Markus Mönch macht klar, dass er aus den Problemen in der Hauptstraße gelernt hat. Eine improvisierte Lösung, bei der Anwohner mit einem Ausweis in eine eigentlich gesperrte Straße einfahren dürfen, wird er so schnell nicht mehr forcieren. Warum nicht? "Weil sich niemand an die Beschilderung hält, wenn man in die Straße hineinfahren kann." Oder: "Weil die Autofahrer die Straßenverkehrsordnung nur mal so als losen Vorschlag verstehen", ruft einer der Bauarbeiter, während der Bürgermeister einem schwarzen VW-Polo hinterher spurtet, der sich gerade erfolglos in der Slalom-Fahrt zwischen Fräsmaschine, Baugrube und Gartenzaun übt.


"40 Jahre Flickschusterei"

Dass er sich auch von Anwohnern der Hauptstraße böse Worte anhören musste, ärgert Mönch sogar noch ein bisschen mehr als die erstaunlich vielen verirrten Ortsfremden. "40 Jahre ist hier nur Flickschusterei betrieben worden", sagt Mönch bei der Baustellenbesichtigung.

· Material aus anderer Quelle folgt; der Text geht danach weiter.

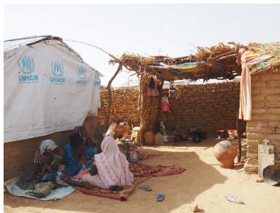
A Farchana, à l'est du Tchad, des réfugiés soudanais confectionnent des briques pour élargir et transformer leurs abris temporaires en bâche, en habitations en banco plus durables et mieux adaptées aux conditions climatiques.

Au Tchad, la moyenne des nouveaux arrivants soudanais par jour s'est élevée à plus de 600 au cours des quatre dernières semaines, pour un total de 18 947 personnes. La semaine dernière, 3 439 nouveaux arrivants (876 ménages) ont franchi la frontière, principalement aux points d'entrée d'Adré et d'Adikong, dans la province du Ouaddaï. Ce chiffre est légèrement supérieur à celui de la semaine précédente (3 262). Depuis avril 2023, 592 264 nouveaux arrivants ont été dénombrés au Tchad, dont 99 620 en 2024.

Da sei es doch von der Gemeinde nicht zu viel verlangt, wenn die Anlieger gebeten werden, mal eine Woche nicht mit dem Auto bis direkt vor die Haustüre zu fahren. "Ich hätte mir mehr Verständnis erhofft", sagt Mönch schulterzuckend und verweist auf die Anlieger am Reußenberg. Als dort von der Gemeinde Kanal und Wasser verlegt wurden, ging da monatelang nichts. Im Vergleich dazu sei die Fahrbahnsanierung auf der Hauptstraße nur einer kleiner Fisch.

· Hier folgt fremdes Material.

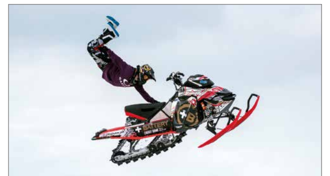
Eriaisissa tapahtumissa Freestyle Snowcross on houkutteleva vetonaula.
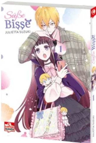
Süße Bisse 01 Taschenbuch
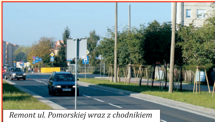
Remont ul. Pomorskiej wraz z chodnikiem

Nichtsdestotrotz: Vermutlich am Dienstagabend beginnt auf der Baustelle die Winterpause. Der Bauabschnitt I ist, weil das Wetter mitgespielt hat, dann nahezu abgeschlossen. Auf Anraten der Baufirma werden die linksseitigen Gehsteige zwischen der örtlichen Apotheke und dem Biberbach erst im kommenden Jahr erneuert. Auf der rechten Seite sind die Rinn- und Randsteine hingegen schon ausgetauscht. Der Gehweg-Belag hier bleibt erhalten, weil der Zustand noch recht gut ist.

Bauabschnitt II steht dann im kommenden Jahr an. Los geht es zwischen der Biberbachbrücke und dem Bolzplatz Richtung Neuensorg mit der Sanierung einiger schadhafter Stellen am Kanal im Frühjahr. Dort erwartet der Planer der Gemeinde, Horst-Dieter Göhring, nicht gar so viel Arbeit wie im ersten Bauabschnitt. Der größte Teil der beschädigten Kanalschächte kann ohnehin per "Inliner"-Verfahren mit einem Spezialgerät von innen versiegelt werden.


Kostenlose Lehrstunden

Verläuft der zweite Bauabschnitt so glatt wie der erste, dürften nach Einschätzung des Bürgermeisters auch die Kosten in dem Rahmen bleiben, der dem Weidhäuser Gemeinderat kommuniziert wurde: "Knapp über 300 000 Euro." Die unerfreulichen, aber zumindest lehrreichen, Erfahrungen für die Verwaltung und den Bürgermeister gab es sogar kostenlos.